Plaintiff Claims Onglyza Caused His Heart Failure

The plaintiff alleges in his complaint that he started taking Onglyza (saxagliptin) in April 2015, and used it at various times through December 2015. He reports that he took the medication as instructed, but that while he was using it, he developed serious injuries, including heart failure, congestive heart failure, and cardiovascular injury. As a result of these injuries, he claims he has suffered significant bodily and mental injuries, as well as disfigurement and loss of earnings and earning capacity.

The plaintiff blames Onglyza manufacturers Bristol-Myers Squibb and AstraZeneca for his injuries. He says that the defendants knew or should have known about the dangers associated with Onglyza, and that they should have warned both doctors and patients of the risks associated with it.

FDA Warns that Onglyza Associated with Risk of Heart Failure

The FDA first approved Onglyza in 2009 for the treatment of type 2 diabetes. It works by stimulating the pancreas to make more insulin after a meal, which helps to keep blood sugar levels under control.

Back in 2008, the FDA advised diabetes drugs manufacturers to assess their drugs’ risk of cardiovascular disease. Onglyza manufacturers didn’t conduct the requested tests, however, until after Onglyza was already on the market and being used by thousands of people.

They conducted the “SAVOR” study, which showed that patients taking Onglyza were at an increased risk of being hospitalized for heart failure. After reviewing the findings, the FDA asked to see the raw data from the study so they could perform their own analysis.  Based on their review, the FDA concluded that patients taking Onglyza did, indeed, have an increased risk of hospitalization due to heart failure.  The FDA’s analysis also identified a possible increased risk of death from all causes.

In 2015, the FDA convened an advisory panel meeting of the Endrocrinologic and Metabolic Drugs Advisory Committee. That panel voted to require warnings on Onglyza and other similar diabetes drugs indicating that they could increase the risk of heart failure.

Will the JPML Consolidate All Onglyza Lawsuits?

Currently, there are more than 40 Onglyza lawsuits pending around the nation. On January 25, 2018, the U.S. Judicial Panel on Multidistrict Litigation heard arguments for and against consolidating all federal Onglyza lawsuits into one court for pre-trial proceedings.
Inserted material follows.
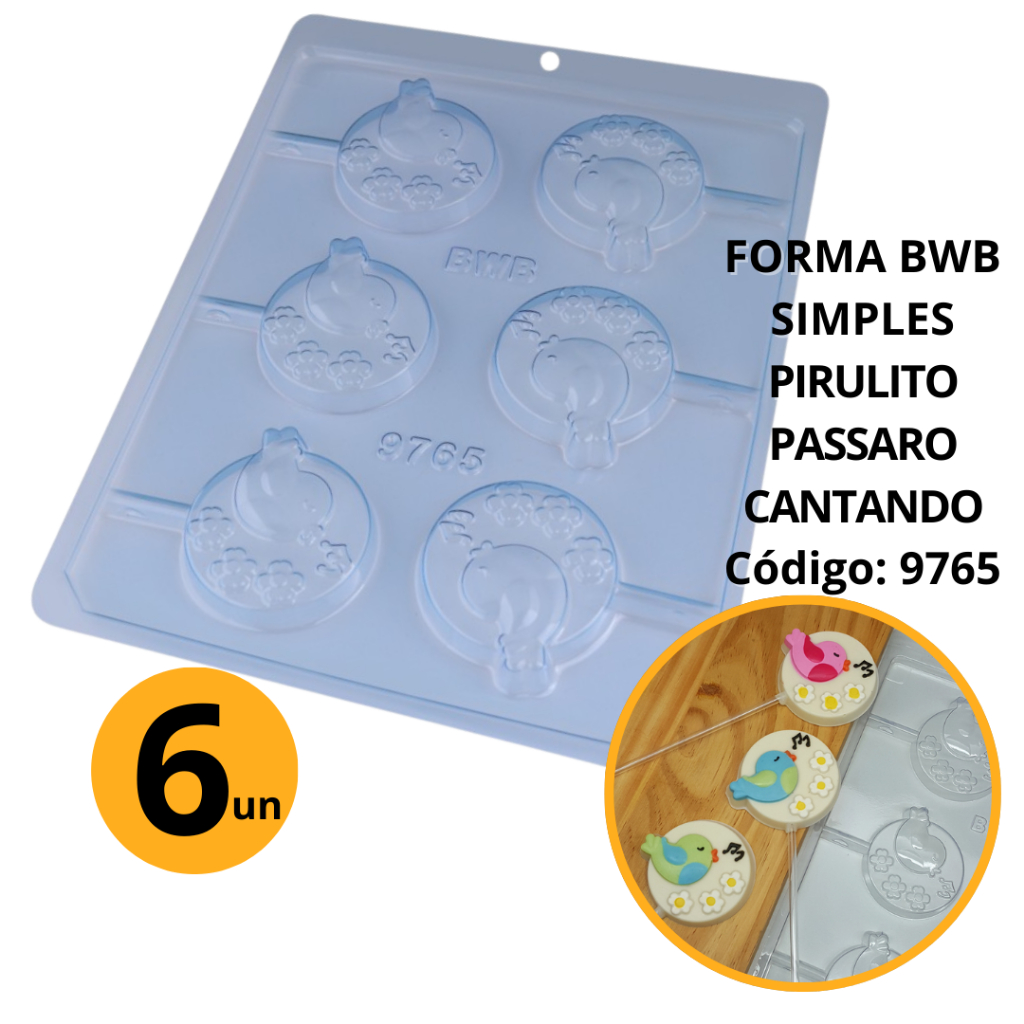 1~10 FORMA SIMPLES PIRULITO PÁSSARO CANTANDO CÓD.:9765 - D7 EM ACETATO BWB PARA BOMBOM DOCES DE CHOCOLATE E CONFEITARIA.

Back in October 2017, a group of plaintiffs submitted a motion to the panel asking that it consolidate all of the federally-filed lawsuits together for pre-trial proceedings before one court.  The plaintiffs claimed that all of the cases shared common questions of fact, and consolidation would preserve judicial resources and allow for a more efficient resolution.  In February 2018, the JPML entered an Order consolidating all Onglyza lawsuits pending in federal court to the U.S. District Court of the Eastern District of Kentucky for pre-trial proceedings.  The JPML panel noted that defendants and certain plaintiffs supported the transfer of the cases to this transferee district.  Chief Judge Karen K. Caldwell will preside over the Onglyza MDL.